My brothers and sisters in Christ,1
We have entered into our Lenten journey. In these 40 days of Lent we are remembering the 40 days that Jesus Christ spent in the desert preparing for his mission of proclaiming the Gospel.
So we are walking with Jesus during this period of penance, prayer and charity as we make our way to Holy Week and Easter Sunday.
But this is also a very special Lent, as we all know. Because during this time we are going to be preparing to receive a new Pope. Because as we all know, Pope Benedict XVI made the decision to resign as the Holy Father by the end of this month of February. So we want to pray and offer our sacrifices for the universal Church at this important time of transition. And we especially pray for Cardinal Mahony and the College of Cardinals as they exercise their sacred duty of the election of our next Pope.
This past Friday, I sent a letter to all the priests of the Archdiocese to ask precisely for prayers for Cardinal Mahoney, as he travels to Rome for the election of the new Pope and for the College of Consultors — I hope that we all, during this same time as the month comes along and the Holy Father finishes his time as Successor of Peter. And then the Cardinals of the College of Electors will elect a new Pope in the month of March probably, and fulfill as I said the sacred duty of electing the new Pope.
I think we also should have especially in our prayers our Holy Father, Pope Benedict XVI. I am sure that for him it is going a time of great emotion, as he is getting ready to step down as Pope. So let us accompany him with our prayers of thanksgiving to God for the witness of his life and his teaching.
So it is, indeed, an interesting Lent. That I hope, as I said at the beginning of Mass, it be a special time of grace for all of us. As we do every year, we begin Lent reflecting on the temptations of Jesus Christ in the desert. It’s always an interesting, interesting mystery for us to reflect on. We always have to ask ourselves — why did the Jesus, the Son of God, allow himself to be tempted by the devil?
Then we have to keep in mind that Jesus went into the desert right after he was baptized by St.
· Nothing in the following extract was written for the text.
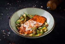 310 г • Филе лосося нежное, слегка сладковатое. Подаётся слайсами цукини-пропитанными манго соусом. Соус на основе шампанского и красной икры идеально завершает блюдо

John the Baptist in the Jordan River.
As we all know, Jesus was baptized in order to show us that he is our Brother and our Friend and that he shares in our human condition and stands with us in our weakness.
So this scene in the Gospel, of the temptations in the desert that we have just heard, is an a image of our lives.
Just as Jesus was baptized and sent out into the desert, each of us is baptized and sent out into the wilderness of this world to live our Christian life. And in our lives, we face trials and temptations. Just as Jesus did.
The basic temptation that we all face is to forget about God. Or to move God “into the background” of our lives. To think that we can rely on our own strength, on our own abilities. To think that we can try to control things.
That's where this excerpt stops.